*DATA SUPPLIED:*
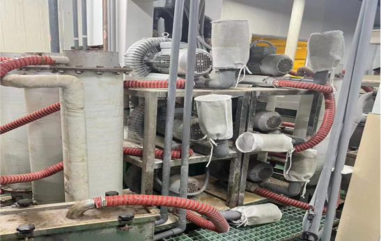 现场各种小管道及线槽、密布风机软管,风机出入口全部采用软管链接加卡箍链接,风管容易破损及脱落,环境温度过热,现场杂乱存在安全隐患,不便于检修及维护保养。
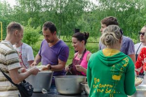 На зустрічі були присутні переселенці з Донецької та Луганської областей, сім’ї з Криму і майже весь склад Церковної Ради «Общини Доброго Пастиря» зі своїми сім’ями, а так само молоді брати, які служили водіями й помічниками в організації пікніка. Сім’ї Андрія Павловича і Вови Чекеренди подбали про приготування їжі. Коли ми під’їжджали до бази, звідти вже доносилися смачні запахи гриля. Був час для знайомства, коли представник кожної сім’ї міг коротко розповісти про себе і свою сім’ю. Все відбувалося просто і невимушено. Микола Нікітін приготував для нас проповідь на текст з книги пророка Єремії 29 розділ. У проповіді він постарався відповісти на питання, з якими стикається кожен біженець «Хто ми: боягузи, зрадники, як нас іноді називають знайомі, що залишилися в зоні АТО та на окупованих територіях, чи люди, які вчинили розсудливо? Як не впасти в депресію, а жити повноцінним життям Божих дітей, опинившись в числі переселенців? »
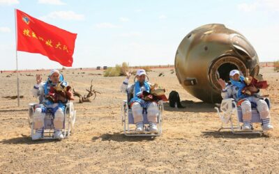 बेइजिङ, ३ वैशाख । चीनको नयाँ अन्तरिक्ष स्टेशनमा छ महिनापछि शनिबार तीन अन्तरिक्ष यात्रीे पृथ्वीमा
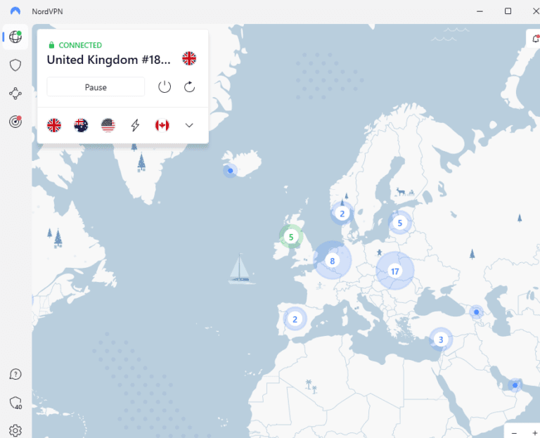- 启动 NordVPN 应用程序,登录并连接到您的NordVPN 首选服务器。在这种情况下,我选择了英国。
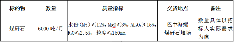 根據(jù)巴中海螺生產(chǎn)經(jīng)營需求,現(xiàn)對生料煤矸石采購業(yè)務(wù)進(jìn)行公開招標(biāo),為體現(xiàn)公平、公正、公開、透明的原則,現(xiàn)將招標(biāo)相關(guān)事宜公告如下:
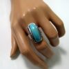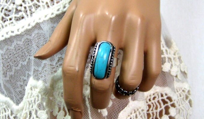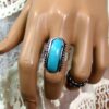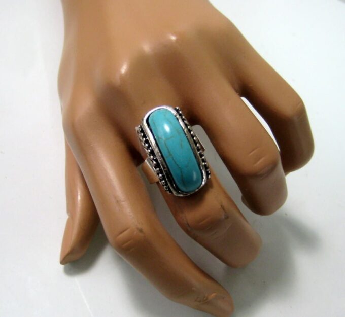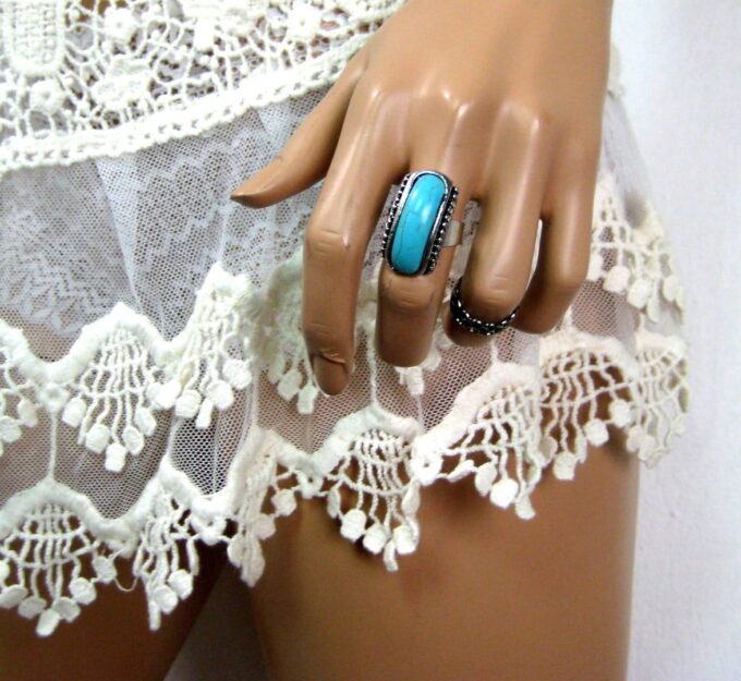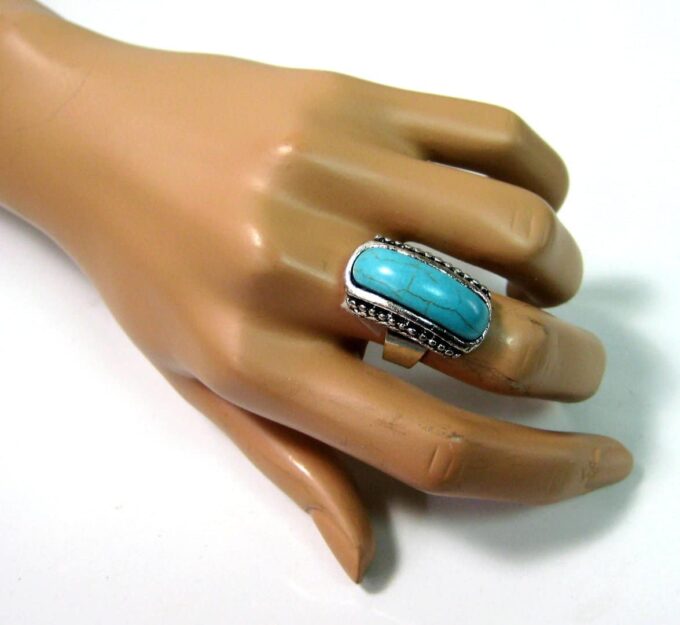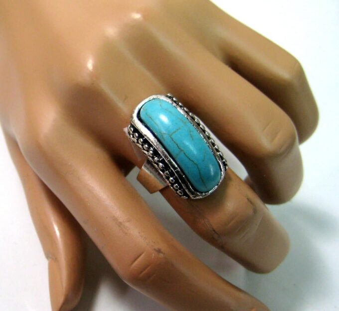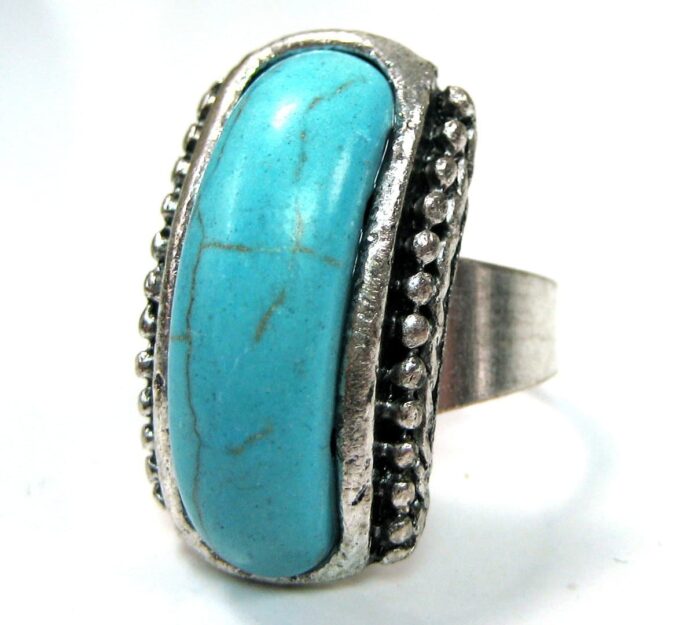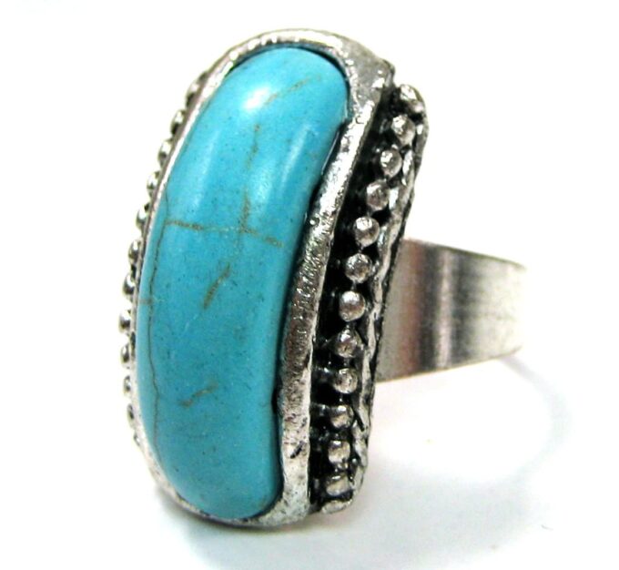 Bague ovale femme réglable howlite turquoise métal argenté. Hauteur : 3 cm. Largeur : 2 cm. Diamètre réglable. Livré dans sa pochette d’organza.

*EXERCISE:* Copy exactly the lines running from the line with "根據(jù)巴中海螺生產(c" to the final line of the listing, keeping both ends and dropping any picture.

*EXERCISE SOLUTION:*
 根據(jù)巴中海螺生產(chǎn)經(jīng)營需求,現(xiàn)對生料煤矸石采購業(yè)務(wù)進(jìn)行公開招標(biāo),為體現(xiàn)公平、公正、公開、透明的原則,現(xiàn)將招標(biāo)相關(guān)事宜公告如下:
 Bague ovale femme réglable howlite turquoise métal argenté. Hauteur : 3 cm. Largeur : 2 cm. Diamètre réglable. Livré dans sa pochette d’organza.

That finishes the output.